ANKARA(ANKA)- Yargıtay 3. Hukuk Dairesi, borçları nedeniyle emekli maaşına haciz konan babaya, refah içerisinde yaşayan oğlunun "yardım nafakası" ödemesi gerektiğine karar verdi. Davacı baba, bankalara olan kredi kartı borçları nedeniyle SSK'dan aldığı emekli aylığının haczedildiğini, aylık gelirinin 225 YTL olduğunu, yüksek gelir sahibi ve refah içerisinde olan oğlundan kendisine aylık 2 bin 250 YTL, halen 7. sınıf öğrencisi olan küçük oğlu için de 750 YTL yardım nafakası bağlanması için dava açtı.
Davalı oğul, babasının dolandırıcılık ve güveni kötüye kullanmak suçlarından dolayı mahkum olduğunu, İstanbul Defterdarlığı'na başvurarak kendisini ihbar ettiğini, ölümle tehdit ve hakaret suçlarından yargılandığını, yanında çalışan hizmetçisinden evlilik dışı çocuğu olduğunu ve bu nedenlerle yardım nafakası isteyemeyeceğini belirtti.

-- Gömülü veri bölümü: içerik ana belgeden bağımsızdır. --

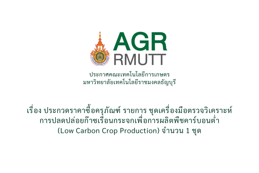 ด้วยคณะเทคโนโลยีการเกษตร มหาวิทยาลัยเทคโนโลยีราชมงคลธัญบุรี มีความประสงค์จะประกวดราคาซื้อครุภัณฑ์ รายการ ชุดปฏิบัติการวิเคราะห์สารตกค้างในการผลิตพืชมูลค่าสูงสู่มาตรฐานอาหารปลอดภัย จำนวน 1 ชุด ด้วยวิธีประกวดราคาอิเล็กทรอนิกส์ (e-bidding) ราคากลางของงานซื้อในการประกวดราคาครั้งนี้ เป็นเงินทั้งสิ้น 4,019,200.- บาท (สี่ล้านหนึ่งหมื่นเก้าาพันสองร้อยบาทถ้วน) รายละเอียดตามไฟล์แนบ
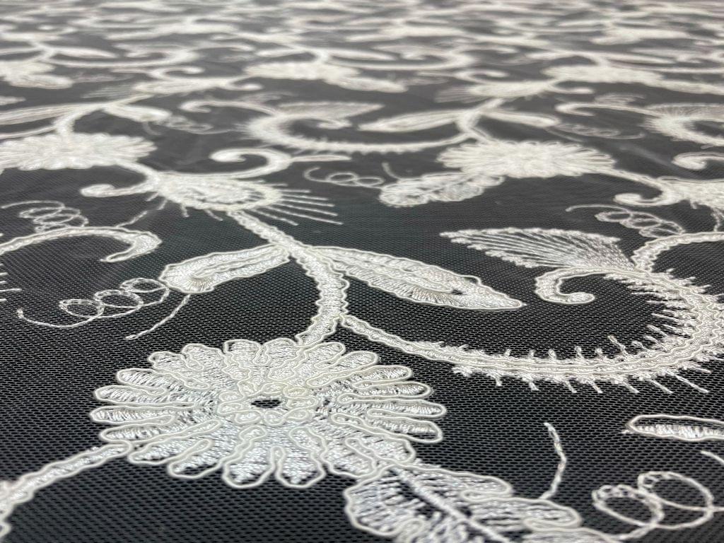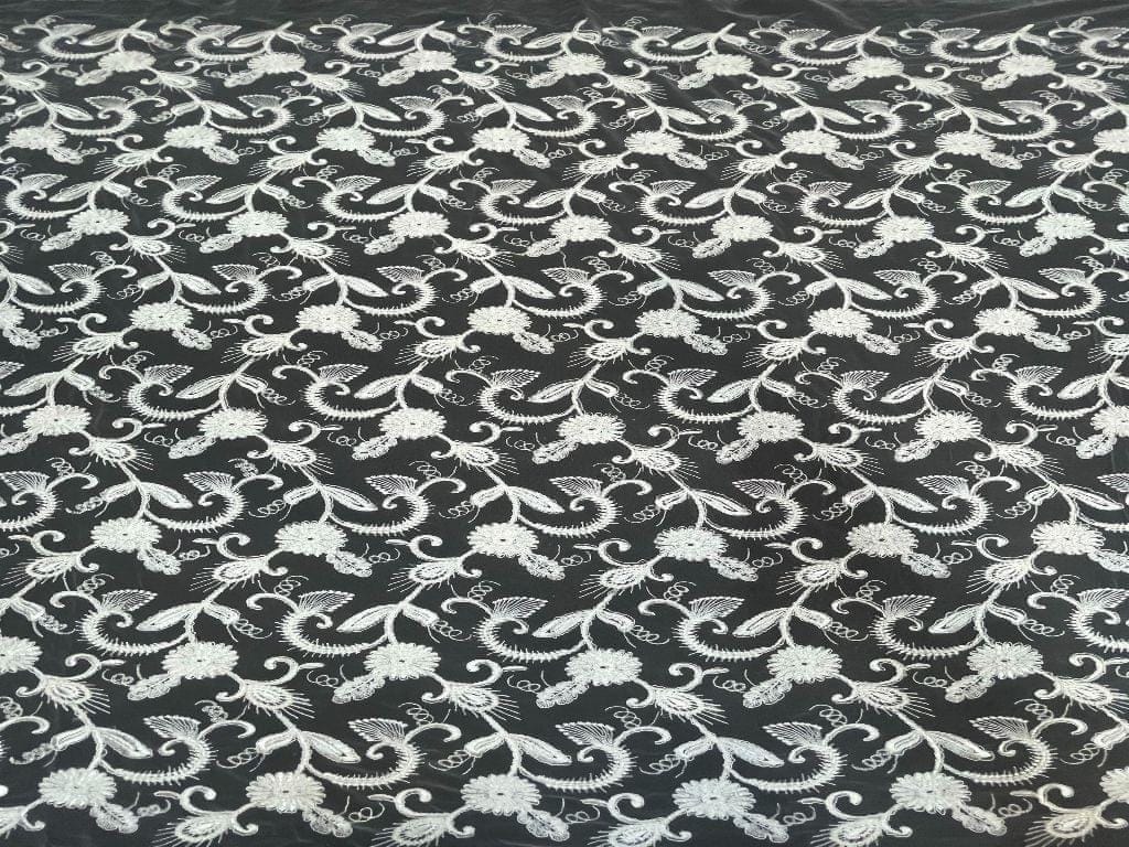 Dyeable Embroidered Net White Floral 4 Width 44 Inch / 112 Cm SKU:K1596
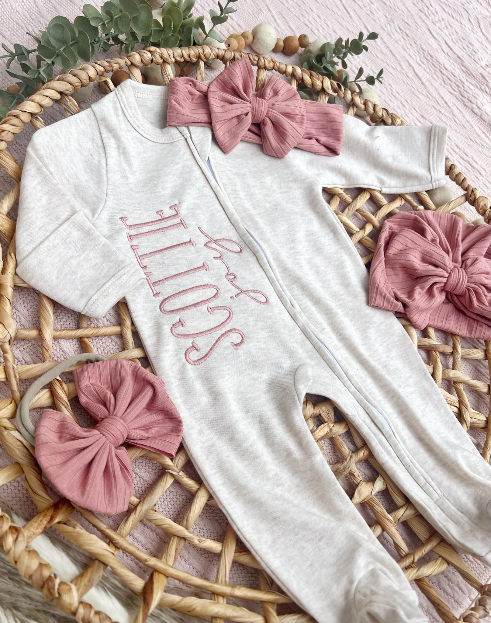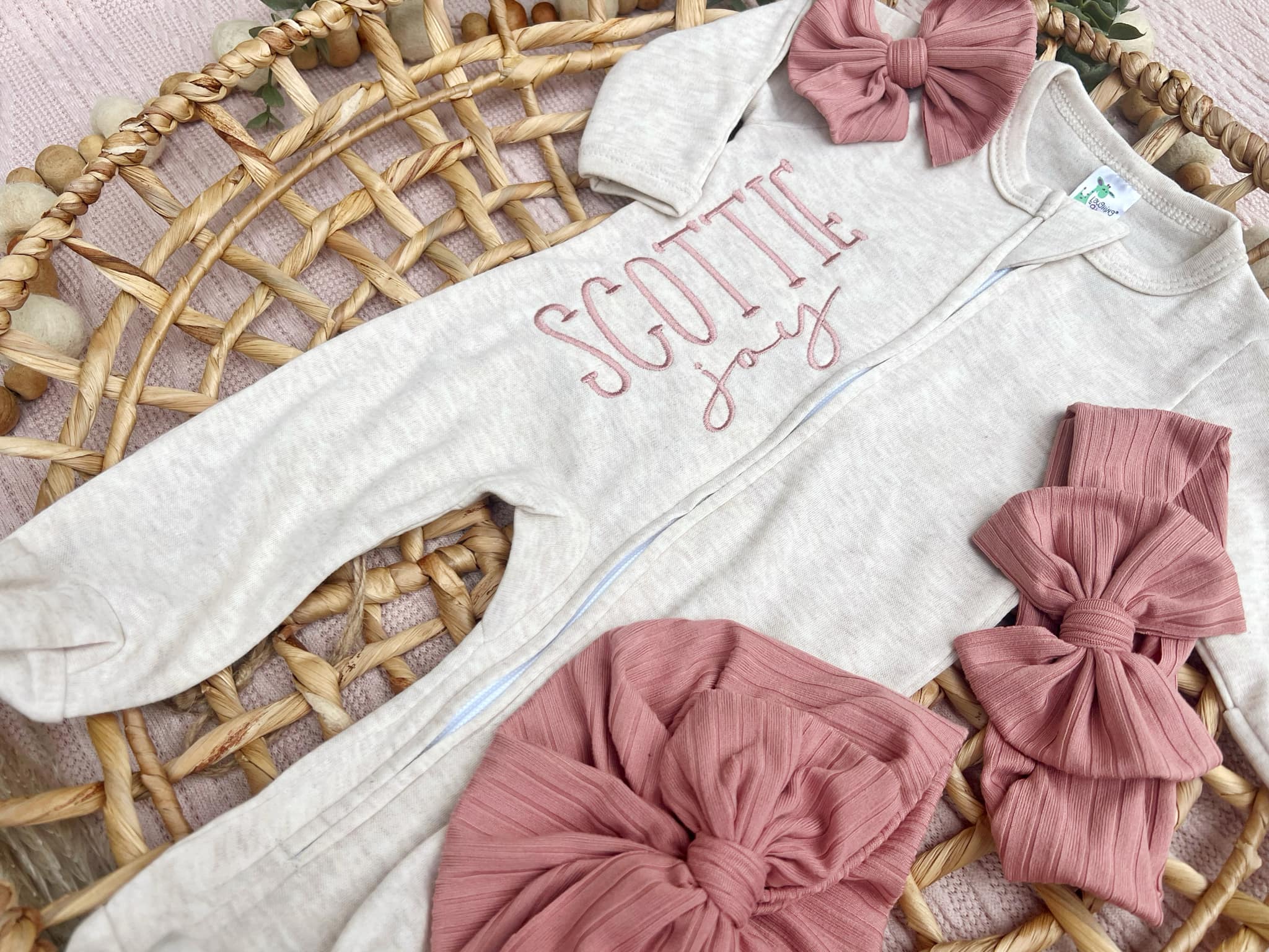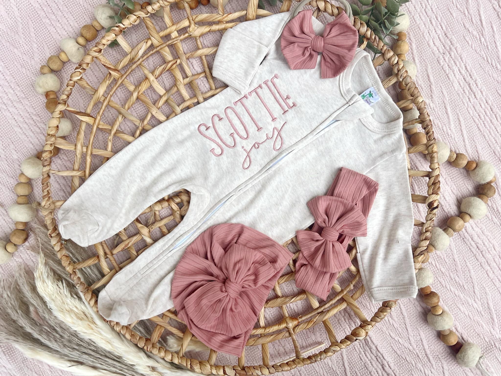 This outfit makes a perfect coming home outfit, newborn pictures, or baby shower gift. This sweet sleeper is soft and comfortable to snuggle a little one. This features a soft oatmeal romper, with name in a color you choose down the front. You can also choose to add a bow, headwrap, or turban to finish off this cute baby outfit.
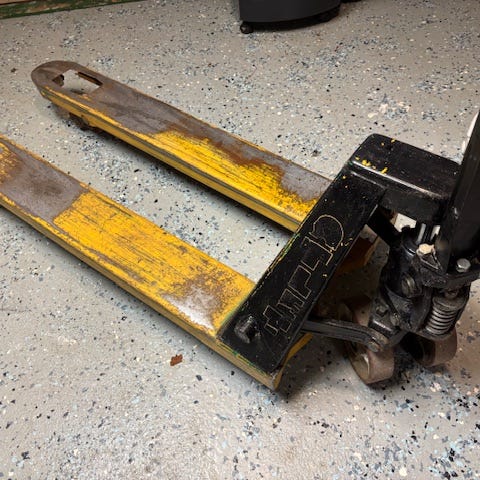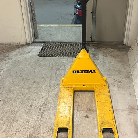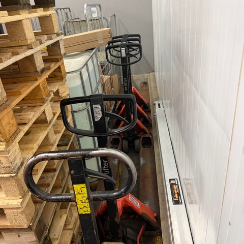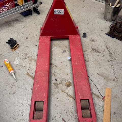 Pallvagn med enkel hjul. Den lyfter 2500kg. Obetydligt använd
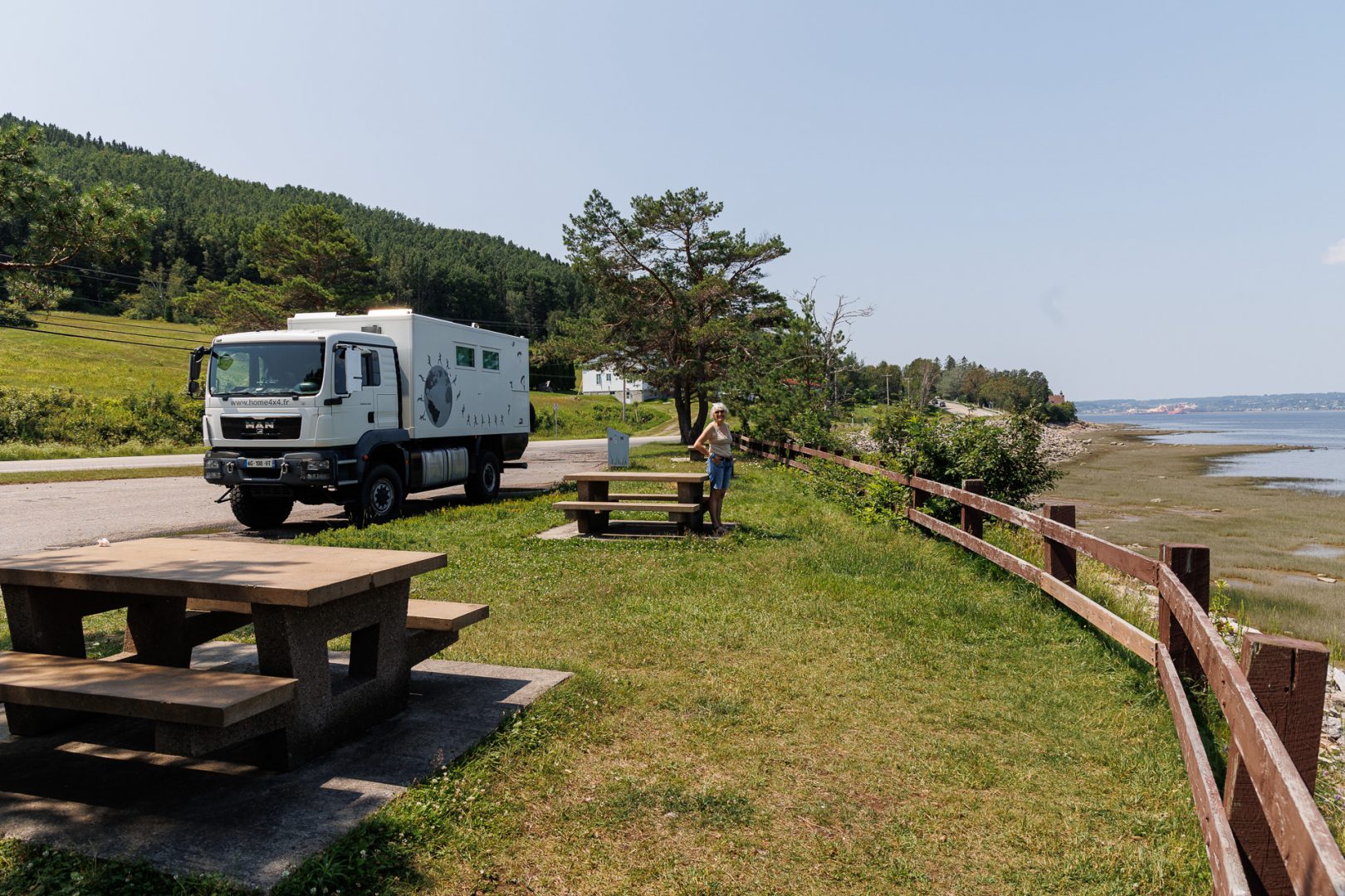 Nous nous dirigeons ensuite vers notre bivouac québécois du soir à l’Anse-aux-Foulons. La circulation n’est plus la même…
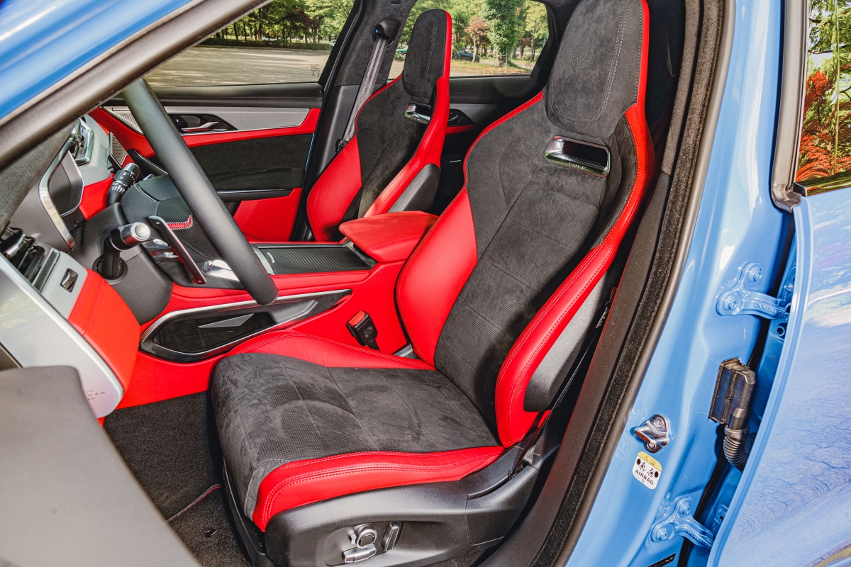 외관보다 더 많은 변화를 거친 것은 인테리어다. 시트는 버킷 타입으로 고성능 자동차에 딱 알맞은 물건이다. 조금 딱딱한 느낌이 들지만 몸이 잘 미끄러지지 않아서 마음에 든다. 스티어링 휠의 디자인은 최근 만났던 자동차 중에 가장 멋있다. 특히 손으로 느껴지는 촉감이 무척 고급스럽다. 촉감 이야기가 나온 김에 이야기하자면 실내를 감싸고 있는 가죽들의 품질도 무척 좋다. 손으로 쓰다듬어 보면 특유의 부드러운 감촉이 마치 명품 가방을 생각나도록 만든다. 전자식 기어 레버는 뭉툭한 주먹처럼 생겼고, 기어 레버를 중심으로 좌우에는 시동 버튼과 드라이브 모드 셀렉터가 있다. 드라이브 모드 셀렉터는 누르면 튀어 올라오는 다이얼 방식이다. 다만 다이얼을 돌린 후 소프트웨어가 반응하는 속도가 느려서 아쉽다.
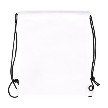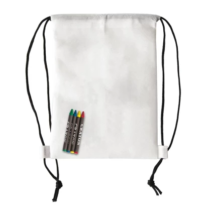 Plecak z materiału non woven w białym kolorze do samodzielnego kolorowania. Wyposażony w 4 kredki woskowe w kolorach: czerwony, niebieski, żółty i zielony.
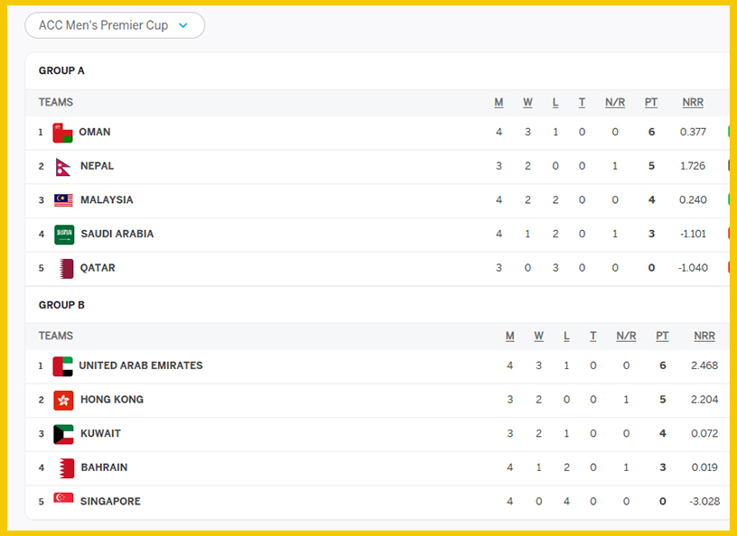 काठमाडौँ । एसीसी प्रिमियर कप अन्तर्गत आज दुई खेल हुदै छन् । प्रिमियर कप अन्तर्गत आज समुह चरणका अन्तिम खेलहरु हुनलागेका हुन् ।
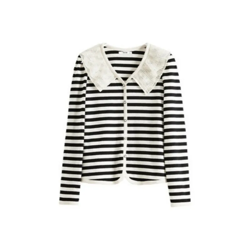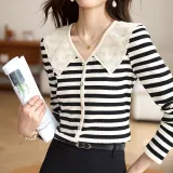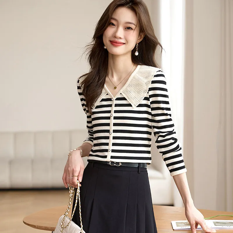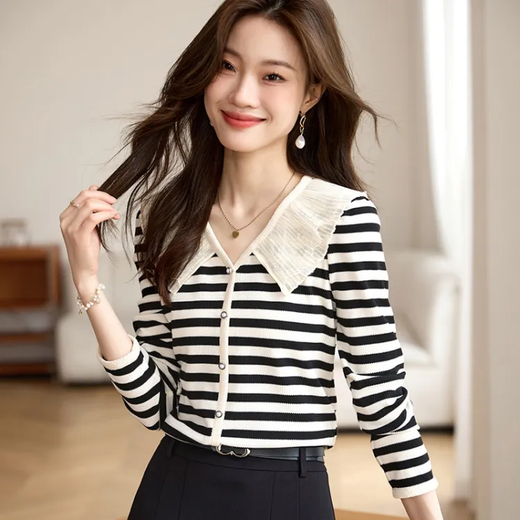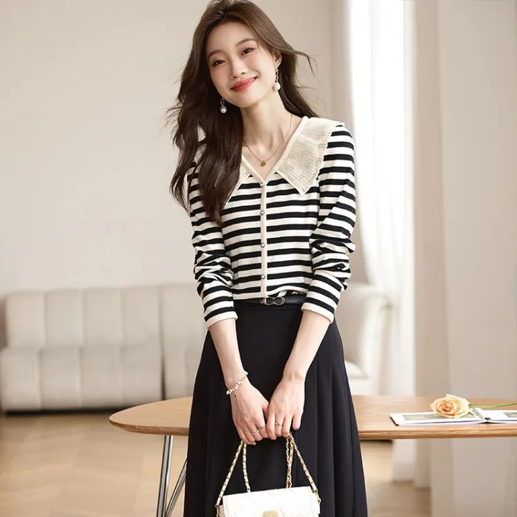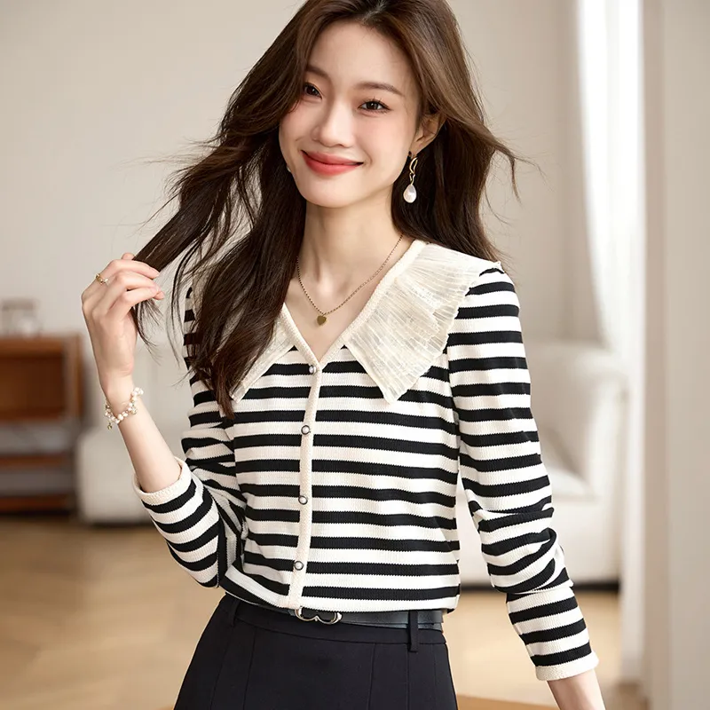 SLLSKY Абрикос с Черными полосами Женские T-рубашки

Mahkeme, taraflar arasındaki aile bağlarının, babanın kusuru ile ortadan kalktığını, davacı babanın, oğlunu ölümle tehdit suçunu işlediği iddiasıyla yargılandığını ve aile bağlarının temelinden sarsıldığını belirterek, aile birliğinin sağladığı hak ve yükümlülüklerin ortadan kalktığını belirterek davanın reddine karar verdi.
Davanın temyiz incelemesini yapan Yargıtay 3. Hukuk Dairesi, yerel mahkemenin kararını bozarak borçları nedeniyle emekli maaşına haciz konan babaya, refah içerisinde yaşayan oğlunun "yardım nafakası" ödemesi gerektiğine karar verdi.
-REFAH İÇİNDEKİ OĞULA NAFAKA YÜKÜMLÜLÜĞÜ
Yargıtay, verdiği emsal kararda şu görüşleri dile getirdi:
"Medeni Kanun'un 336. maddesi uyarınca, korunmaya muhtaç kişilerin bakımı bununla yükümlü kurumlar tarafından sağlanır. Bu kurumlar, yaptıkları masrafları nafaka yükümlüsü hısımlarından isteyebilir. Yasanın bu hükmü de gözetildiğinde, nafaka yükümlülüğünün yasanın emrettiği ve özellikle refah içerisinde olan altsoy (oğul) için kaçınılmaz bir yükümlülük olduğu görülmektedir."
Yargıtay 3. Hukuk Dairesi, yardım nafakasının ahlak kuralları ile geleneklerin zorunlu kıldığı sosyal bir ödev olduğunu ve kanun koyucunun bunu kişilerin ve toplumun vicdanına bıraktığına dikkat çekerek şunları belirtti:
"Yardım nafakası, zarurete düşen hısmın yaşamını sürdürebilmesi için zorunlu yardım isteğidir. Yardım nafakası isteyenin kusuru ile yardıma muhtaç duruma düşmüş olması, yükümlüyü borcundan kurtarmamaktadır. Aile bağlarının herhangi bir nedenle zayıflamış olması da yükümlülüğü ortadan kaldıran bir neden olarak düzenlenmemiştir. Yardım nafakasının koşulları objektiftir ve bu koşulların gerçekleşmesi halinde nafaka borcu doğmaktadır. Aileye karşı vazifelerini ağır surette ihmal edenlerin, nafaka isteyemeyeceği Medeni kanun'un 510. maddesi uyarınca kabul edilmektedir. Uygulamada, aile bağlarının temelinden sarsılması halinde nafaka yükümlülüğünün ortadan kalkacağı kabul edilmektedir. Davacı 70 yaşlarında, nafaka yükümlüsü oğul refah içerisindedir. Aile bağları babanın kusuru ile zayıflamıştır. Ne var ki, Medeni Kanun'un 2. maddesindeki dürüstlük kuralı, bu koşullarda davalı oğlun nafaka yükümlülüğünü ortadan kaldıran bir neden olarak kabul edilmemelidir. Oğlun, yardıma muhtaç duruma gelmiş olan babasına karşı asgari yaşama giderlerini karşılama borcu, dürüstlük kuralı gereği ortadan kaldırılamaz. Aksini gerektirir. Zira, altsoyun (oğlun) üstsoya(babaya) karşı yardım yükümlülüğü ile üstsoyun altsoya karşı olan yardım yükümlülüğünün ahlaki, geleneksel ve toplumsal nedenleri farklıdır."
Yargıtay, verdiği kararda "Herkes yardım etmediği takdirde yoksulluğa düşecek olan üstsoyu ve altsoyu ile kardeşlerine nafaka vermekle yükümlüdür. Aile bağları, babanın kusuru ile zayıflamasına rağmen, oğlun yardıma muhtaç hale gelmiş olan babasının asgari yaşama giderlerini karşılaması gerekir" görüşünü dile getirdi.
Bu kararın ardından, refah içerisinde yaşayan çocuklar, yoksul duruma düşen anne ve babalarına nafaka ödemek zorunda kalabilecek.